For a clear illustration, it is enough to refer, for example, to the following sequence of scenes from the drama of the Great Revolution:
The rotten political system of the state, considerably weakened by the “corrupting” activities of intellectuals, is finally approaching a spontaneous explosion of popular discontent. Because of a rather bloodless uprising, the hated monarch was deposed, his life was mercifully saved, power was transferred to the liberal forces.
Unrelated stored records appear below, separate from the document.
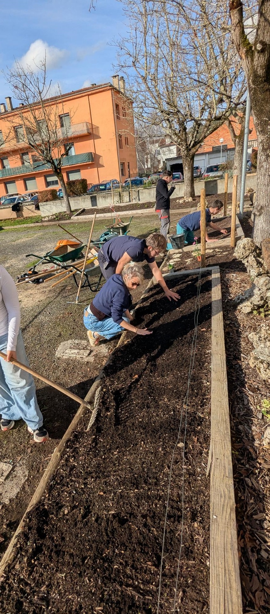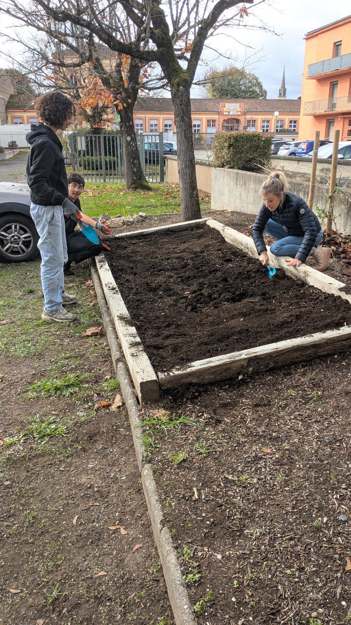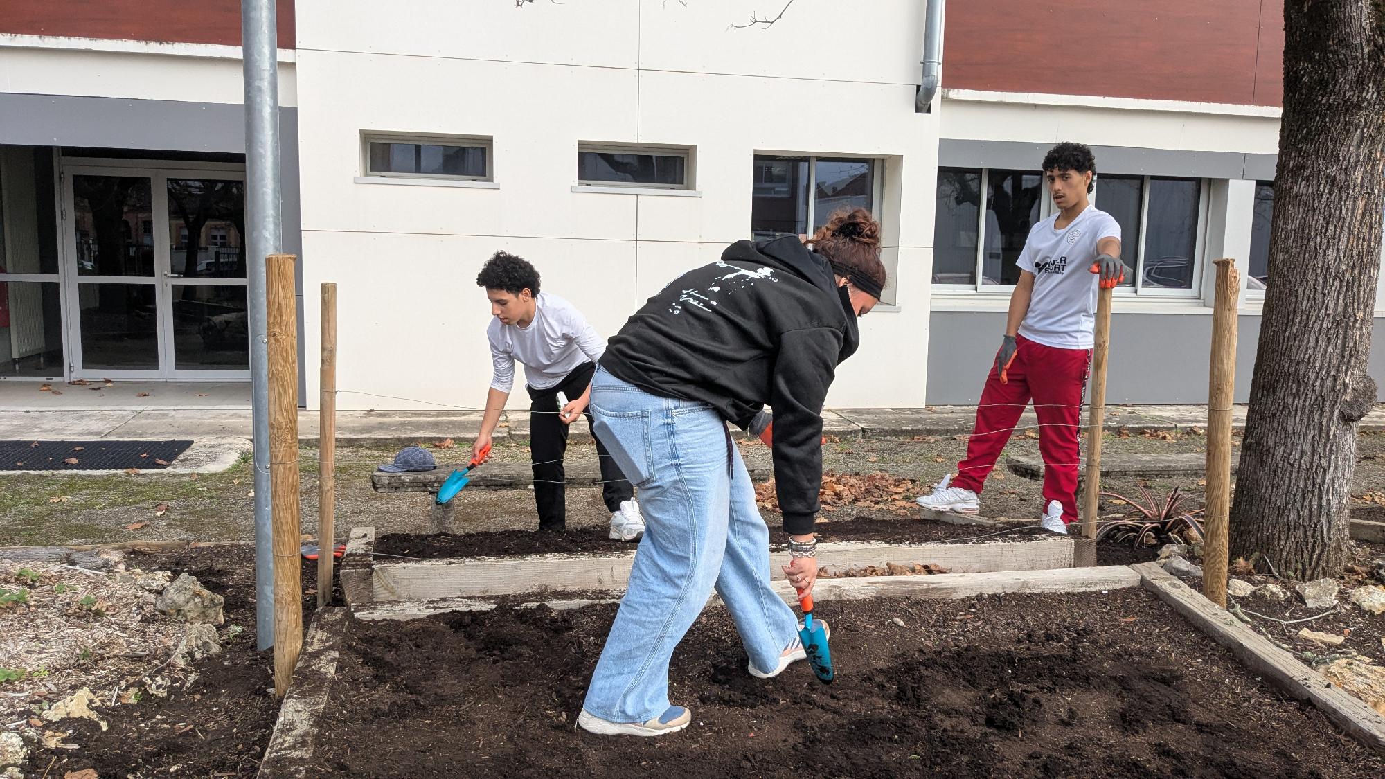 Les élèves du dispositif mini collège travaillent en collaboration avec les lycéens du LEPA de Moissac à l'entretien du jardin crée l'an passé par Mme Pouxviel et ses élèves de 6ème.
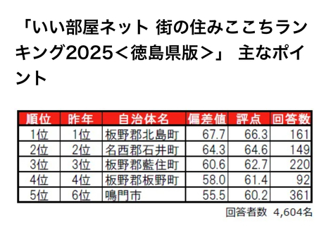 夏に、大東建託が居住満足度調査を行い、住みここちランキングを発表していましたが、徳島県内に住まれている皆さんは、どこだと思いますか?
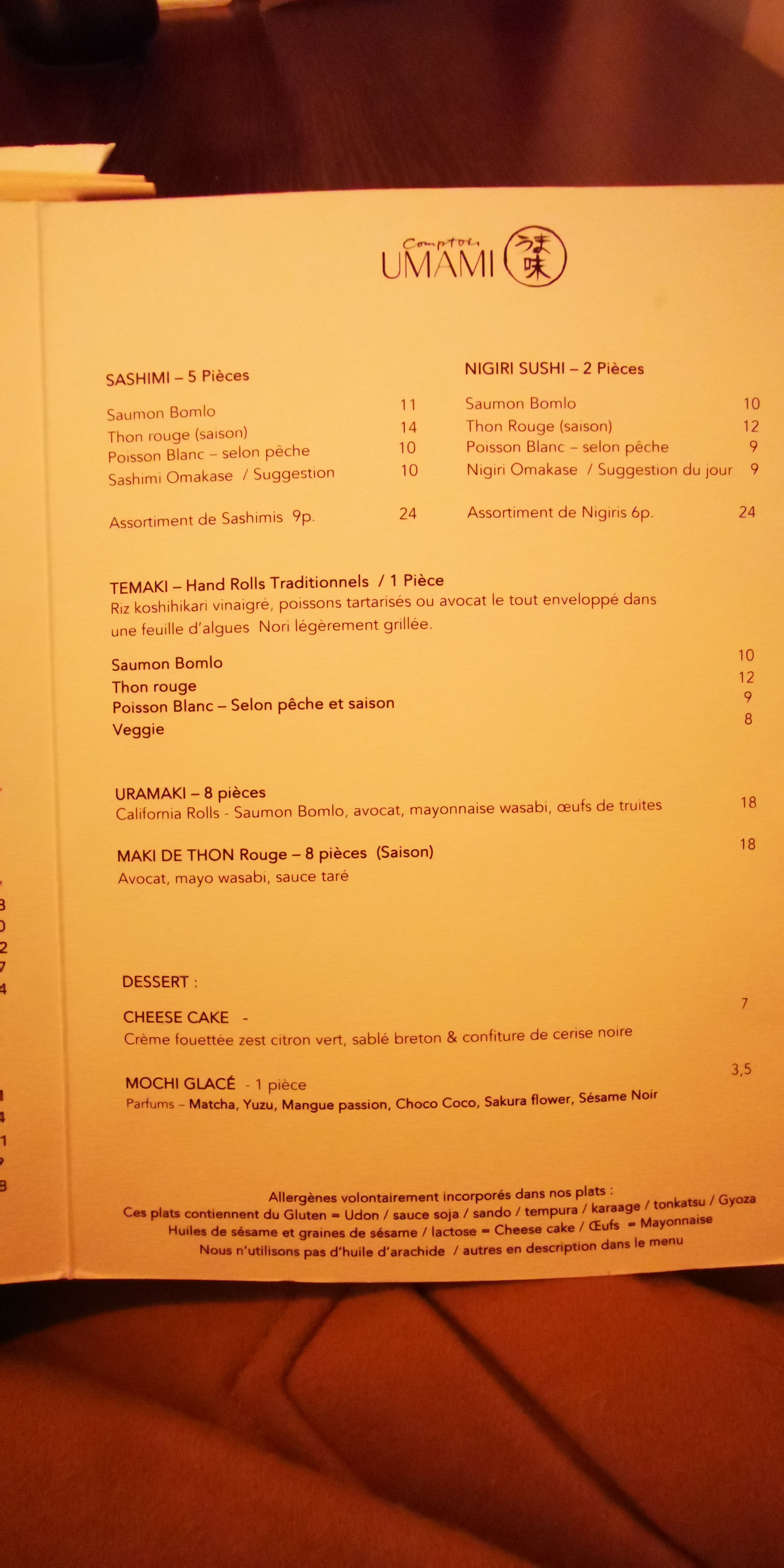 Connaissant bien la gastronomie japonaise, j’ai été déçu. Les tempura dans le bouillon se désagrègent et finissent en bouillie. La bière à 7€50 (?) et un bol de nouilles udon à 22€, c’est cher pour ce que c’est. Un peu culotté d’appeler ça Umami. L’attente fut très très longue. La cuisine ouverte laisse entendre que la patronne n’est pas contente de son équipe en rodage… un peu gênant pour les clients en salle. Bref, je n’y retournerai pas.
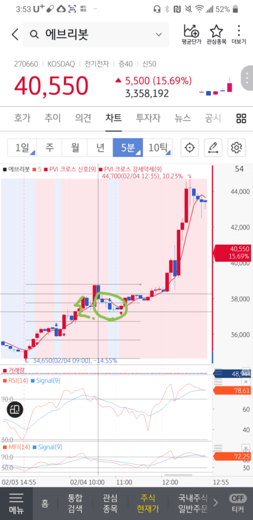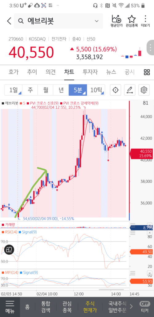 주식차트 에브리봇 5분봉 차트입니다.
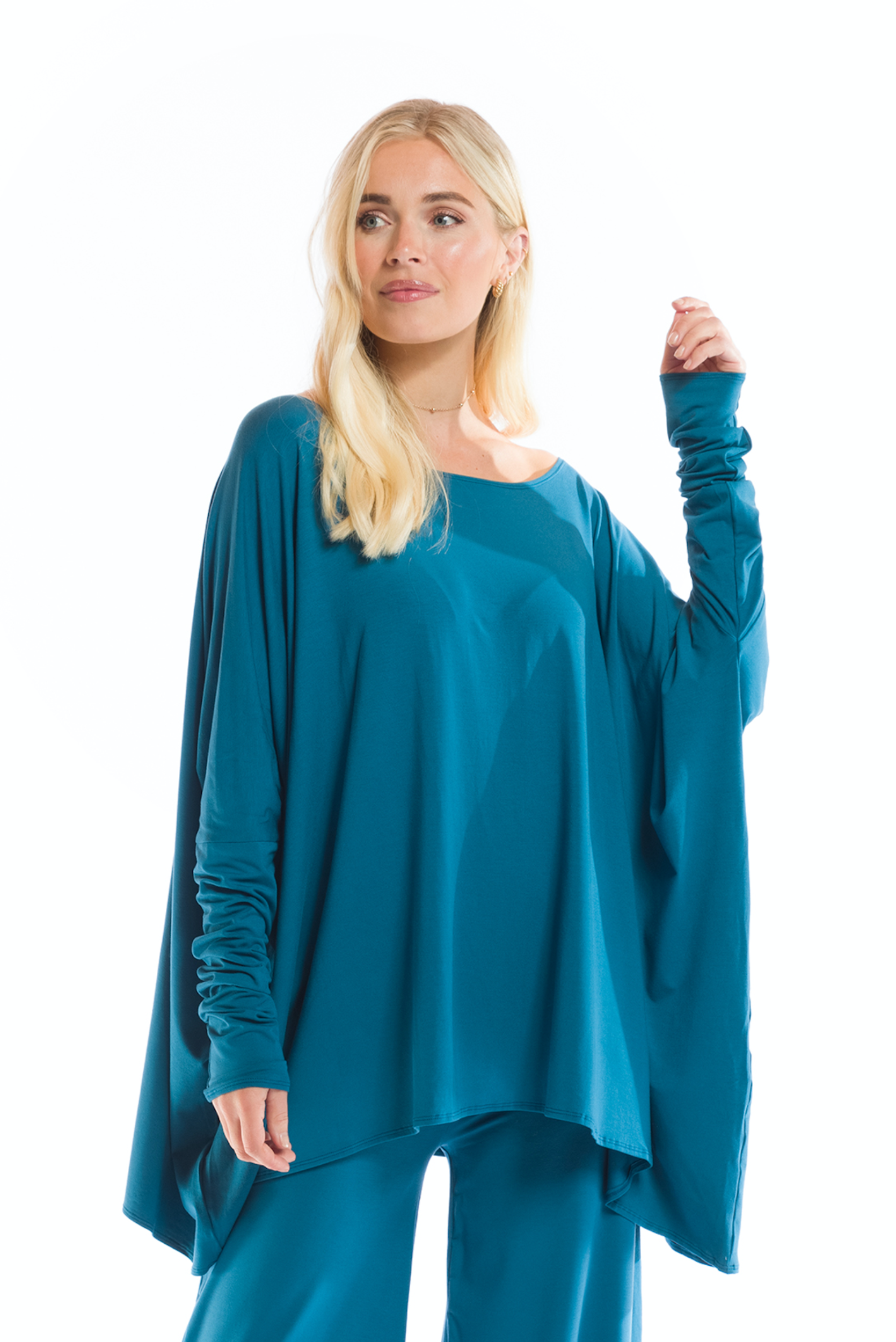 BAMBOO ANGEL WING SLEEVE DRESS TOP TEAL

Inspired by lofty humanistic ideals, the revolutionary republic of the liberals is unable to restore order in a seething country, counterrevolutionary revolts are brewing in the provinces, and the threat of foreign intervention at the borders. In the end, power passes to the radicals, who unleash bloody terror against their own people. Along the way, wile deposed monarch is executed, at the same time they lost their lives and his wife and heir. The promoted machine of bloody violence eventually devours the organizers of the terror themselves. In the course of the action, a man of small stature, but of great charisma appears on the political scene, who brings order and establishes tyrannical power in the country. The revolution ends, the empire begins…
A very familiar picture, isn’t it? But is it a French revolution or a Russian one? Obviously, both. And there is no way to blame everything on a chain of random coincidences, because over the last couple of hundred years, more than enough examples and other impressive self-repetitions of history can be found.